** Your assignment **
Carry over every entry exactly as written, though not the pictures it contains.

────────

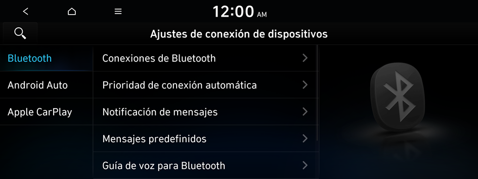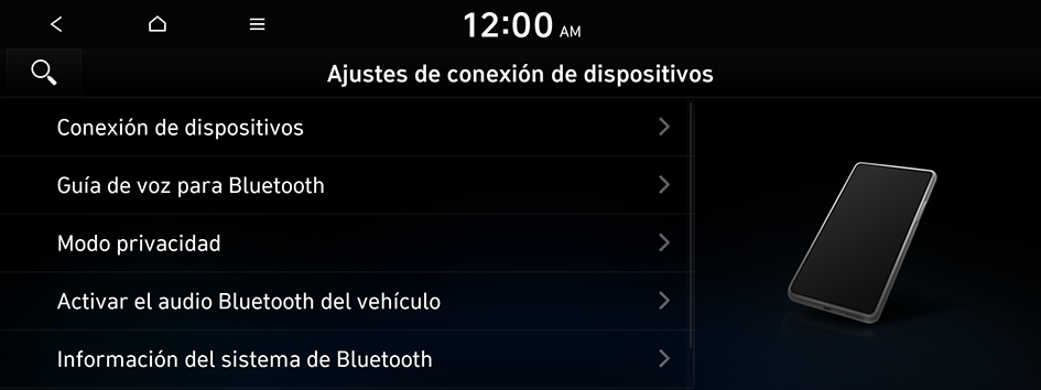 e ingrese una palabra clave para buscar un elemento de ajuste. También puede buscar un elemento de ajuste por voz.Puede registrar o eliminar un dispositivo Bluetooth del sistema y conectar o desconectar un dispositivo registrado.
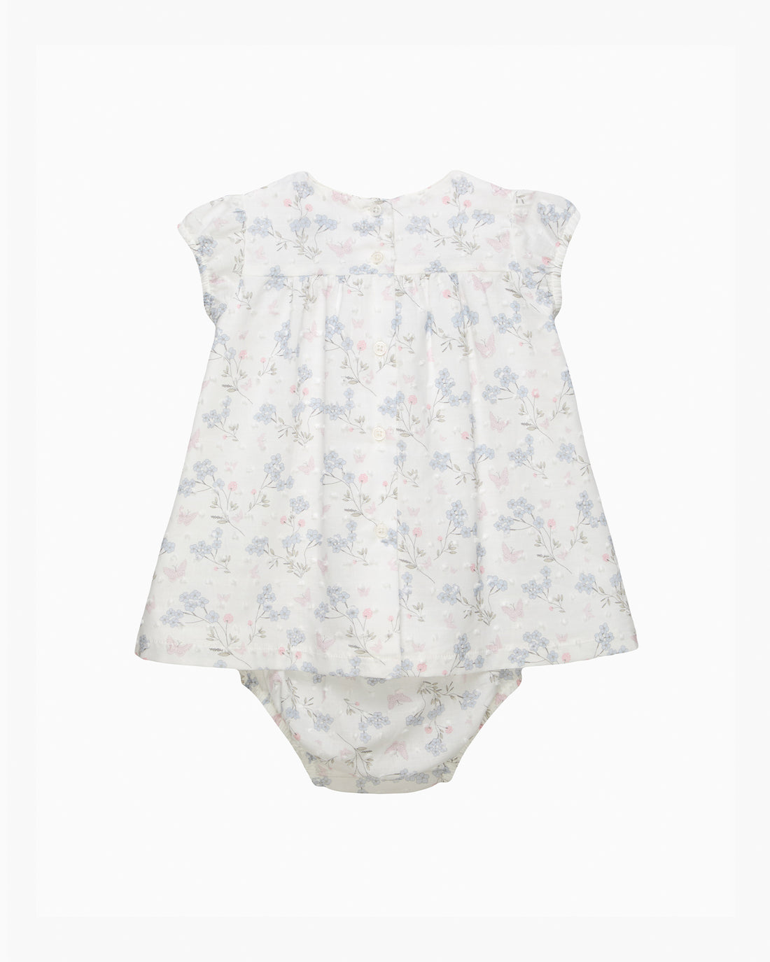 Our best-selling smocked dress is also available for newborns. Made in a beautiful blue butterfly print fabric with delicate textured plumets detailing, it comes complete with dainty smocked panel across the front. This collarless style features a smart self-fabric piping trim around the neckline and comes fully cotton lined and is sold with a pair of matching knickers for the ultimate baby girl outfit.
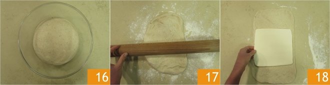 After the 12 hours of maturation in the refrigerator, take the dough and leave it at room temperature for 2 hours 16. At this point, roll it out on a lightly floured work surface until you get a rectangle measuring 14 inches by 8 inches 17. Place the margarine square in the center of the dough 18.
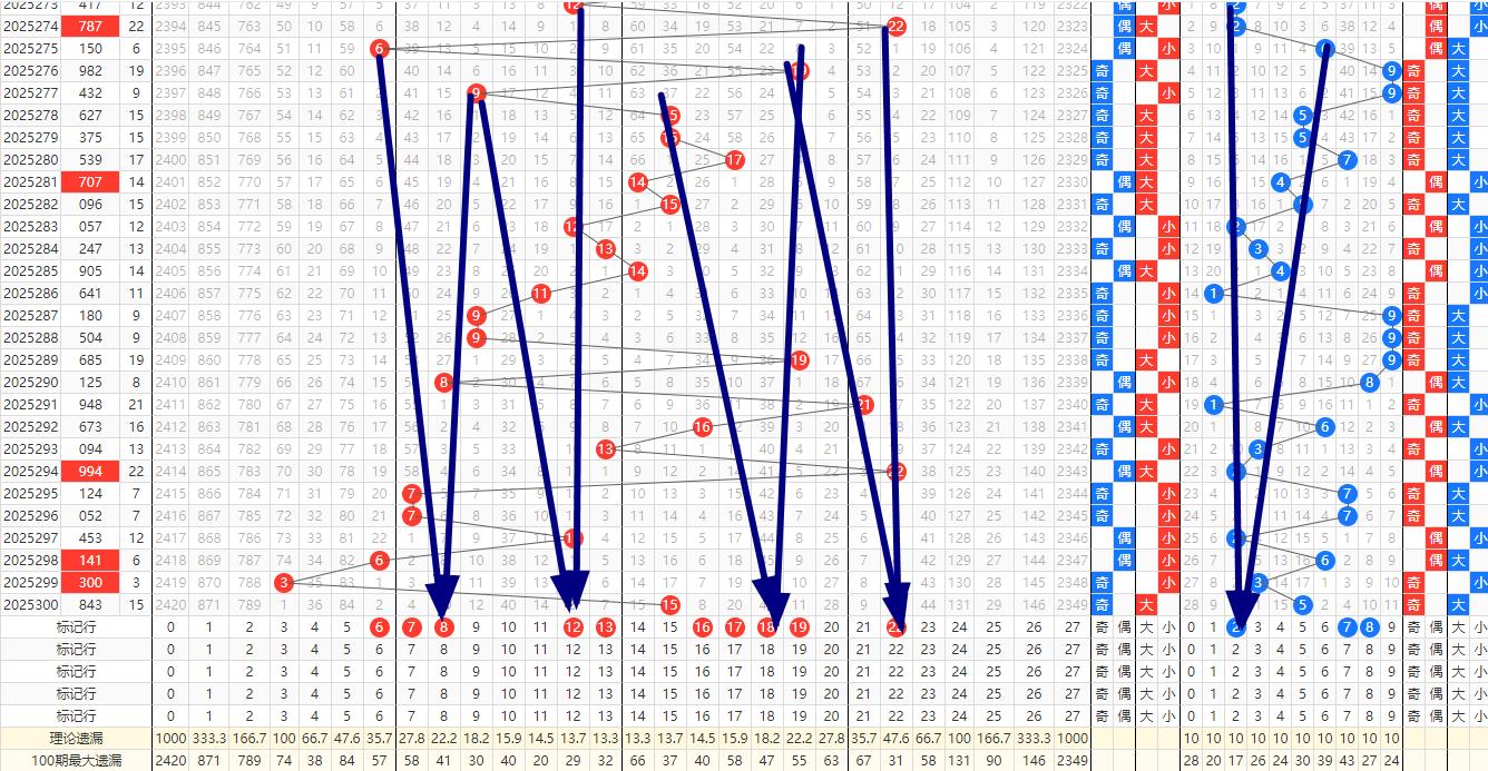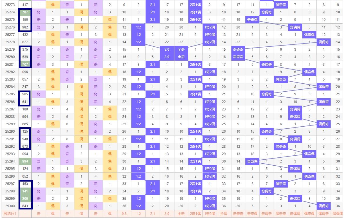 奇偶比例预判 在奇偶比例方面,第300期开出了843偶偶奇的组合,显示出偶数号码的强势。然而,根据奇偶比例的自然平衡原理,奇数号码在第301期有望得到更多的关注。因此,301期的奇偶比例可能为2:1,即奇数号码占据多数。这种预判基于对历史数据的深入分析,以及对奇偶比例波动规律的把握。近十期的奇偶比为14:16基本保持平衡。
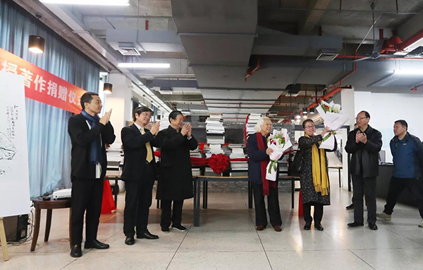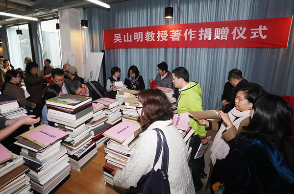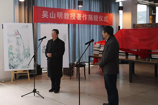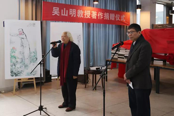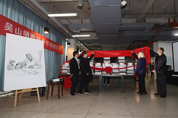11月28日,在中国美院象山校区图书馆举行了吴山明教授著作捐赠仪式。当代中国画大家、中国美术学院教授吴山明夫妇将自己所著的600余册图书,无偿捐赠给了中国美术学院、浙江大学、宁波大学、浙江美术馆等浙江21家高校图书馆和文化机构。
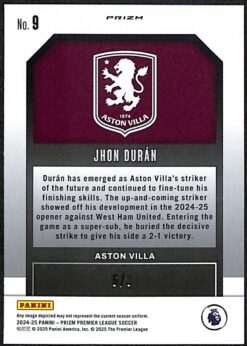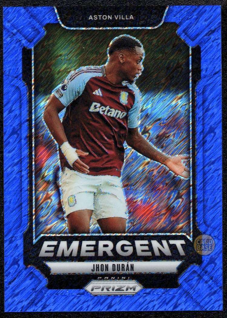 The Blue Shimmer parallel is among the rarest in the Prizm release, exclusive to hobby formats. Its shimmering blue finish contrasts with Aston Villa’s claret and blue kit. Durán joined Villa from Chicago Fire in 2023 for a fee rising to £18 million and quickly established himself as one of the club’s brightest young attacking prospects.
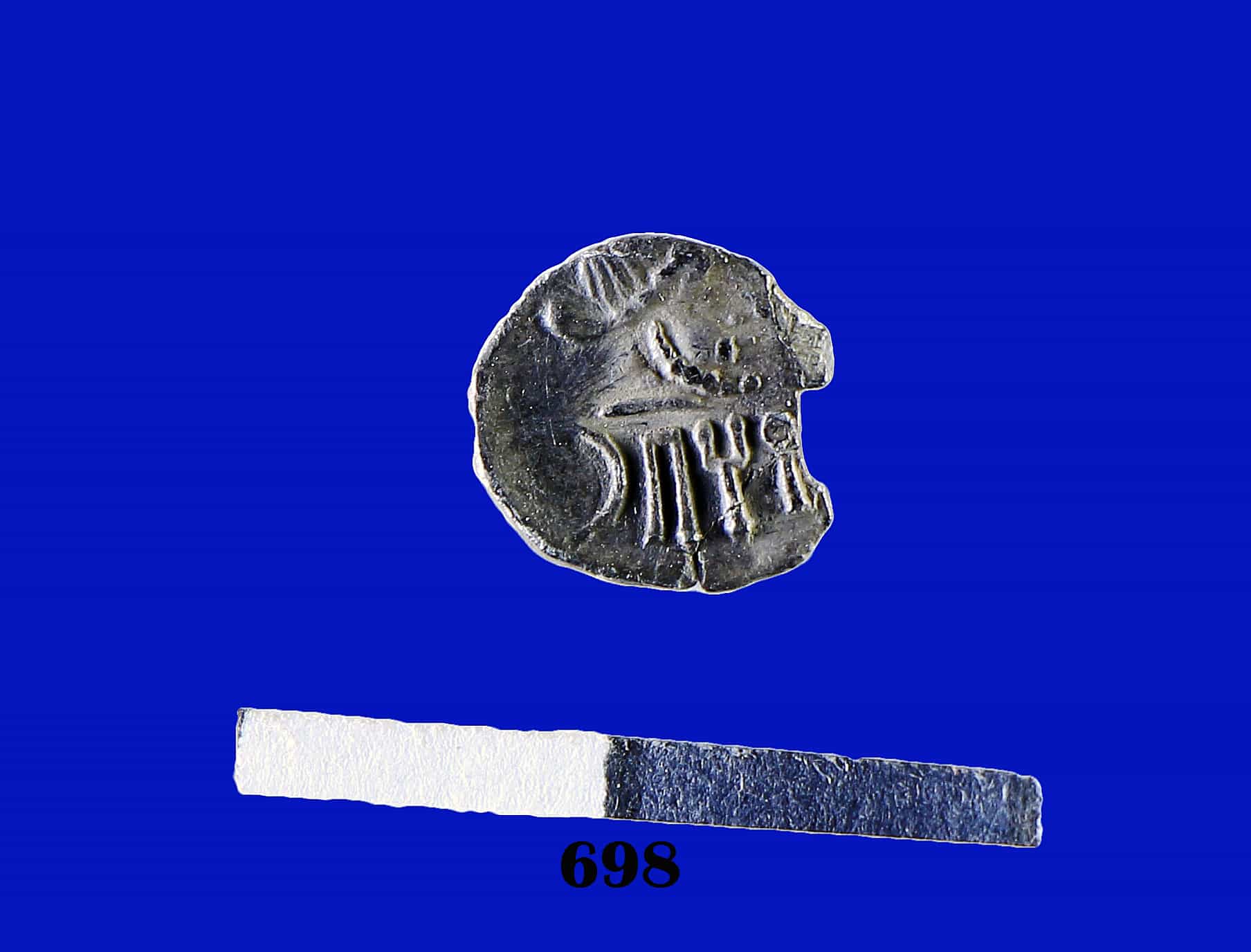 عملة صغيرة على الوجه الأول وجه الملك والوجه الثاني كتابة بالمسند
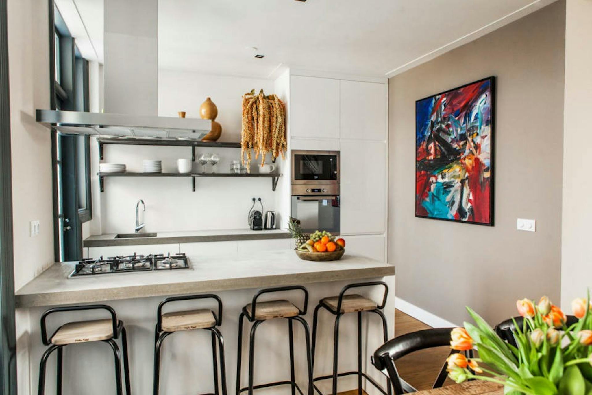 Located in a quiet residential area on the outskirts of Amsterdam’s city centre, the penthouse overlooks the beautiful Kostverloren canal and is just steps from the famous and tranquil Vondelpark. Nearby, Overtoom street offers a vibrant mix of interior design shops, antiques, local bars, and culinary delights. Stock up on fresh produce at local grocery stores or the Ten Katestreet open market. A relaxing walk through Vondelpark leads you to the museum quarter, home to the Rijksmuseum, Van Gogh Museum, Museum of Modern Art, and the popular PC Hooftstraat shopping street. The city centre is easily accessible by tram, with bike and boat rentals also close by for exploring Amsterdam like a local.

────────

** Solved problem **
 e ingrese una palabra clave para buscar un elemento de ajuste. También puede buscar un elemento de ajuste por voz.Puede registrar o eliminar un dispositivo Bluetooth del sistema y conectar o desconectar un dispositivo registrado.
 Our best-selling smocked dress is also available for newborns. Made in a beautiful blue butterfly print fabric with delicate textured plumets detailing, it comes complete with dainty smocked panel across the front. This collarless style features a smart self-fabric piping trim around the neckline and comes fully cotton lined and is sold with a pair of matching knickers for the ultimate baby girl outfit.
 After the 12 hours of maturation in the refrigerator, take the dough and leave it at room temperature for 2 hours 16. At this point, roll it out on a lightly floured work surface until you get a rectangle measuring 14 inches by 8 inches 17. Place the margarine square in the center of the dough 18.
 奇偶比例预判 在奇偶比例方面,第300期开出了843偶偶奇的组合,显示出偶数号码的强势。然而,根据奇偶比例的自然平衡原理,奇数号码在第301期有望得到更多的关注。因此,301期的奇偶比例可能为2:1,即奇数号码占据多数。这种预判基于对历史数据的深入分析,以及对奇偶比例波动规律的把握。近十期的奇偶比为14:16基本保持平衡。
11月28日,在中国美院象山校区图书馆举行了吴山明教授著作捐赠仪式。当代中国画大家、中国美术学院教授吴山明夫妇将自己所著的600余册图书,无偿捐赠给了中国美术学院、浙江大学、宁波大学、浙江美术馆等浙江21家高校图书馆和文化机构。
 The Blue Shimmer parallel is among the rarest in the Prizm release, exclusive to hobby formats. Its shimmering blue finish contrasts with Aston Villa’s claret and blue kit. Durán joined Villa from Chicago Fire in 2023 for a fee rising to £18 million and quickly established himself as one of the club’s brightest young attacking prospects.
 عملة صغيرة على الوجه الأول وجه الملك والوجه الثاني كتابة بالمسند
 Located in a quiet residential area on the outskirts of Amsterdam’s city centre, the penthouse overlooks the beautiful Kostverloren canal and is just steps from the famous and tranquil Vondelpark. Nearby, Overtoom street offers a vibrant mix of interior design shops, antiques, local bars, and culinary delights. Stock up on fresh produce at local grocery stores or the Ten Katestreet open market. A relaxing walk through Vondelpark leads you to the museum quarter, home to the Rijksmuseum, Van Gogh Museum, Museum of Modern Art, and the popular PC Hooftstraat shopping street. The city centre is easily accessible by tram, with bike and boat rentals also close by for exploring Amsterdam like a local.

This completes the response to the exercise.